The production begins promisingly enough as the curtain rises on a huge white box, tipped up to the right at its rear and to the left at its front. Furniture — also in white — consists of a piano, a chaise lounge and a desk and chair. All of this serves nicely to suggest a room in the house of one Eisenstein, a rich banker. Color comes from the fine array of costumes that German designer Claudia Damm has fashioned in similarity — sometimes bizarre similarity — to what was worn in Vienna at the time of the operetta's 1874 premiere.

To his credit, Dijkema nicely orchestrates the beginnings of the plot, which centers on a revenge against Eisenstein concocted by the notary Dr. Falke for the banker's abandoning him one night, drunk and asleep on a Vienna street, in the costume of a bat (Fledermaus, in German). Awakening at dawn, Falke found himself forced to return home through jeering crowds of bystanders.

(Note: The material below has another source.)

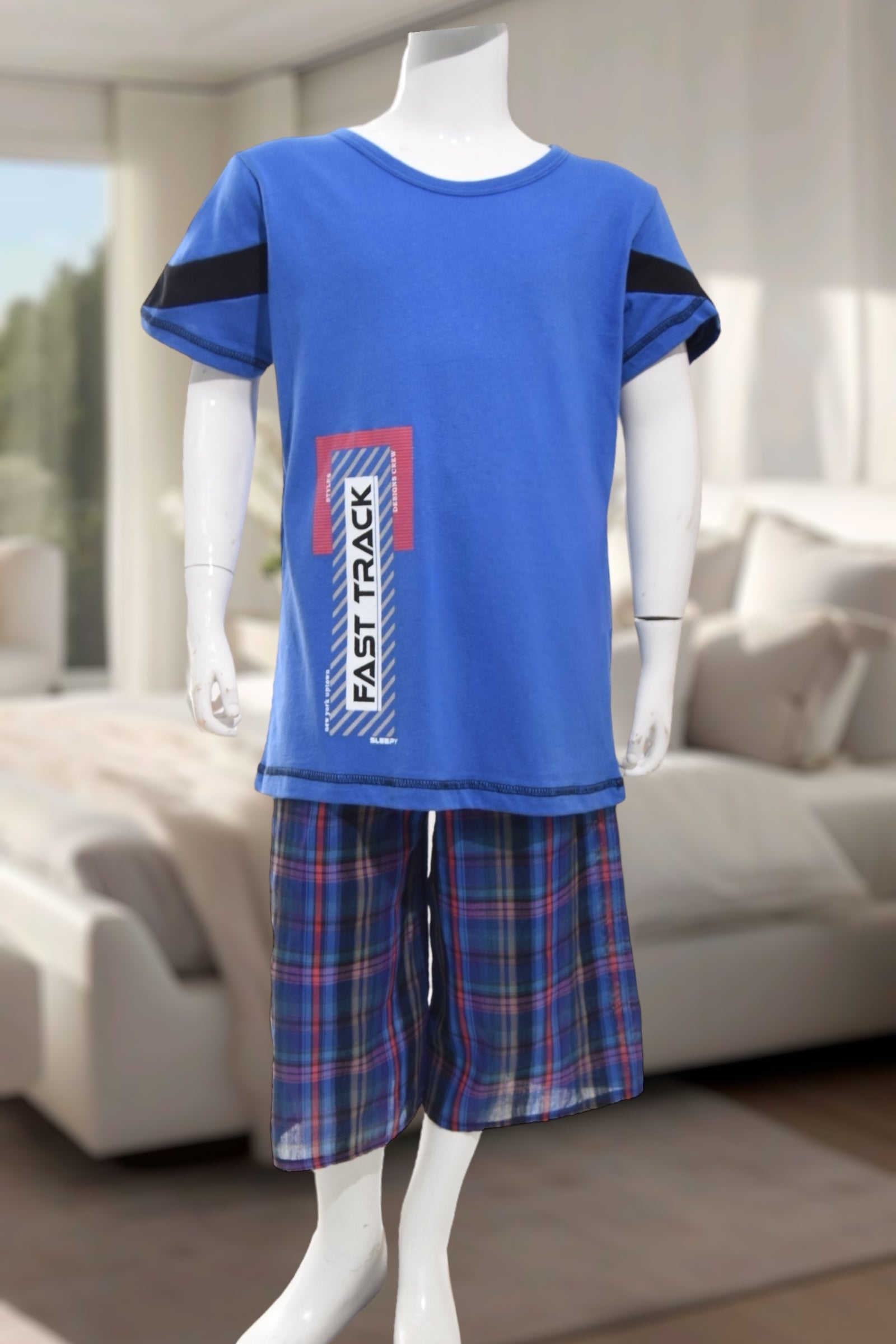 Boys Royal Blue Track Print Pyjama

Eisenstein is due to report to jail to serve an eight-day sentence for insulting a tax official. Falke invites him to detour by way of a costume ball at the palace of a Russian prince. Unbeknownst to Eisenstein, Falke has also invited the banker's wife, Rosalinde, his maid, Adele, and the jail warden, Frank. Rosalinde's lover, a tenor named Alfred, arrives to camp out with Rosalinde during Eisenstein's absence and, mistaken for her husband, is hauled off to jail by Frank.

All well and good. But the next act's ball scene, using the same set and furniture — but depicting what Dijkema calls a "crazy room" with the addition of an enormous light fixture on the floor and tail-coated dummies strung upside down from the ceiling — is simply a huge, overcrowded mess from which neither the music nor the comedy manages to emerge unscathed.

Worst of all is the final act, still with the same set and furniture, but with tall bars at the rear to suggest a jail. The overly long monologue of the drunken jailer, Frosch, and the subsequent scene between Frosch and an equally inebriated Frank are rendered even more tedious than usual by a lack of inventive direction on Dijkema's part and the banality of Arkanov's revised script. No doubt intended to be hilariously funny, the whole sequence evoked only a few faint chuckles from the audience. Relief comes, but only mildly, when the music returns and the remaining principals arrive for the denouement.

Novaya Opera's principal conductor, Eri Klas, combines talent and experience to a degree unequaled by any of his operatic counterparts in Moscow. And among the few saving graces of "Die Fledermaus" last Thursday was the knowing and spirited account he gave of its score.

Much of the singing on Thursday came across with little impact, perhaps as a result of the theater's quirky acoustics, but more likely from the absence of solid decor to reflect the sound. Even soprano Natalya Kreslina, heard in full, warm, authentically Wagnerian voice as Elsa at a January performance of "Lohengrin," produced a rather pale-sounding Rosalinde — though perhaps the failure of her big second-act "Czardas" to make much of an impression was partly because of the ridiculous gimmick of bringing on a chef to simultaneously cook up a goulash at center stage. Nothing particularly distinguished was heard from the rest of the cast, which seemed rather a surprise, considering that Novaya Opera boasts the strongest roster of singers to be found in any Moscow opera house.